### Input data
┌──

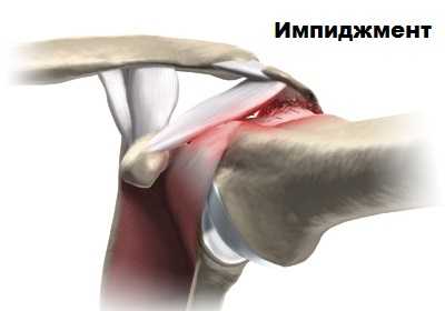 Если пространство между акромионом и плечевой костью в связи с различными причинами сужается, а движения конечности происходят снова и снова изо дня в день, манжета может ущемляться. Подобное ущемление происходит при импиджмент синдроме.
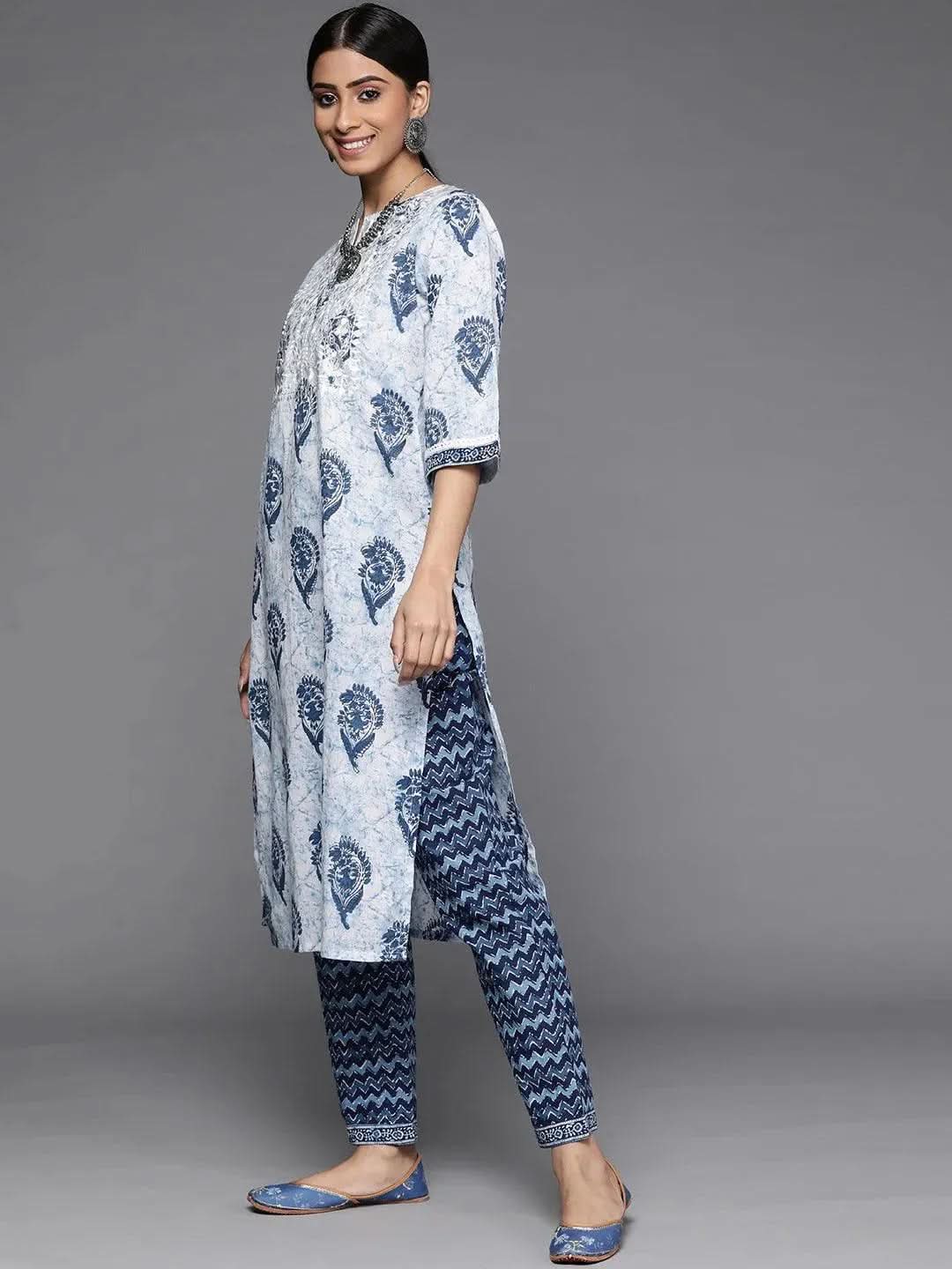 Our 3-piece white cotton suit set highlighted with a paisley floral print features a straight-fit kurta with a notched neckline, straight pants with a partially elasticated waistband and roomy pockets, and a dupatta in a chevron print. This style is perfect for work and beyond.
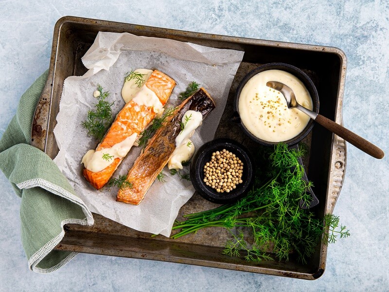 Zalmfilet met witte pepersaus
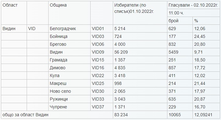 Малко над 12% е избирателната активност в област Видин, сочат данните на районната избирателна комисия.
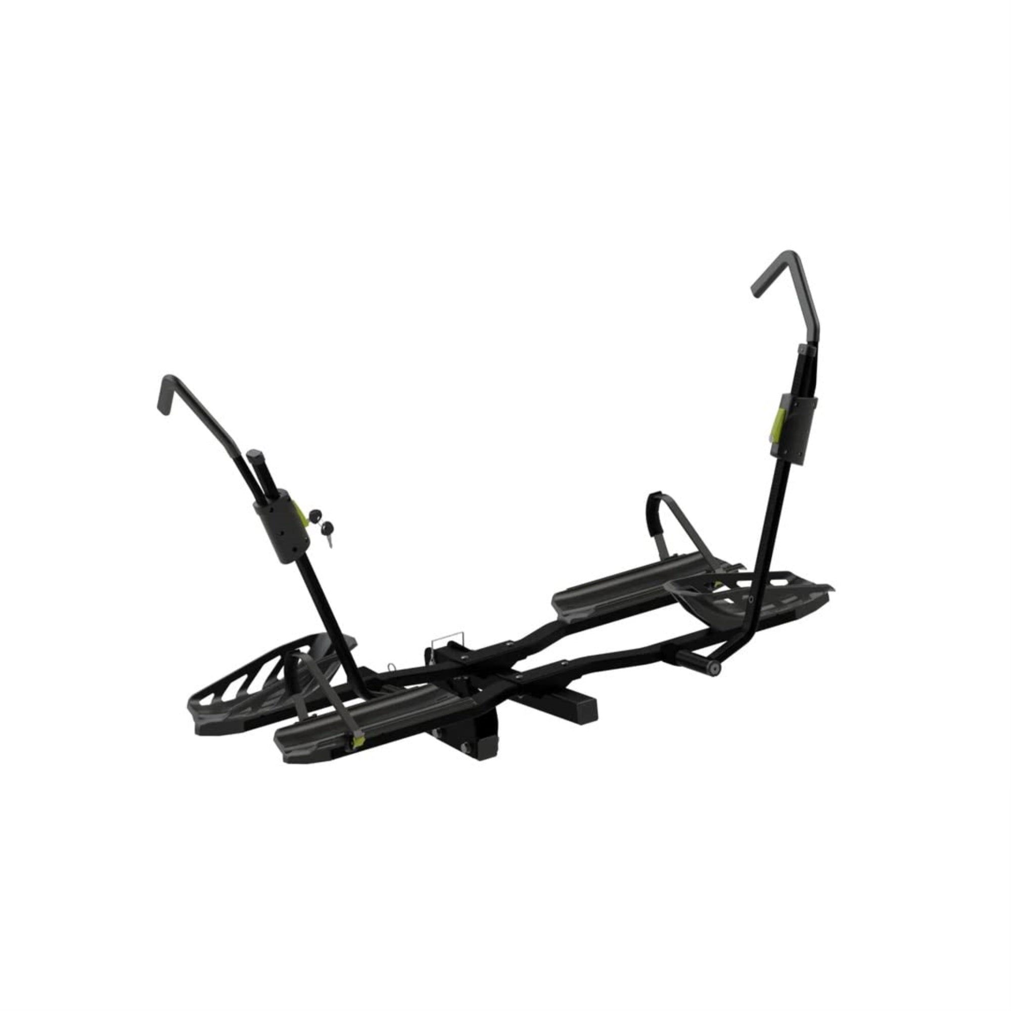 The Swagman Skaha 2 Plus Hitch Rack Is One Of Our Most Versatile Racks Ever, Safely Carrying Almost Any Bike. It Carries 2 Bikes, Up To 60 Lb Each, Making It Ebike Approved. It Installs In To 2 Hitch Receivers, And Can Fold Up Against The Rear Of Vehicle When Not In Use. Locking Zero Frame Contact Ratchet Arms Secure The Front Wheel Of The Bike By The Tire, Making It Safe For Carbon Fiber Frames. The Tire Trays Work With Tires Up To 5 Wide, Making The Skaha Compatible With Fat Bikes Out Of The Box. Finally, The Skaha 2 Plus Can Be Expanded To Carry Up To 4 Bikes* When Using The Optional Skaha 2 Plus 2 Add-On (Sold Separately). Finally, With The Optional Ramp & Bridge (Sold Separately), You Can Make Loading Heavy, Larger Bikes A Breeze By Simply Rolling Them Up Into Place On The Rack.

└──

### Problem statement
Return every line above exactly, omitting images.

### Completed task
 Если пространство между акромионом и плечевой костью в связи с различными причинами сужается, а движения конечности происходят снова и снова изо дня в день, манжета может ущемляться. Подобное ущемление происходит при импиджмент синдроме.
 Our 3-piece white cotton suit set highlighted with a paisley floral print features a straight-fit kurta with a notched neckline, straight pants with a partially elasticated waistband and roomy pockets, and a dupatta in a chevron print. This style is perfect for work and beyond.
 Zalmfilet met witte pepersaus
 Малко над 12% е избирателната активност в област Видин, сочат данните на районната избирателна комисия.
 The Swagman Skaha 2 Plus Hitch Rack Is One Of Our Most Versatile Racks Ever, Safely Carrying Almost Any Bike. It Carries 2 Bikes, Up To 60 Lb Each, Making It Ebike Approved. It Installs In To 2 Hitch Receivers, And Can Fold Up Against The Rear Of Vehicle When Not In Use. Locking Zero Frame Contact Ratchet Arms Secure The Front Wheel Of The Bike By The Tire, Making It Safe For Carbon Fiber Frames. The Tire Trays Work With Tires Up To 5 Wide, Making The Skaha Compatible With Fat Bikes Out Of The Box. Finally, The Skaha 2 Plus Can Be Expanded To Carry Up To 4 Bikes* When Using The Optional Skaha 2 Plus 2 Add-On (Sold Separately). Finally, With The Optional Ramp & Bridge (Sold Separately), You Can Make Loading Heavy, Larger Bikes A Breeze By Simply Rolling Them Up Into Place On The Rack.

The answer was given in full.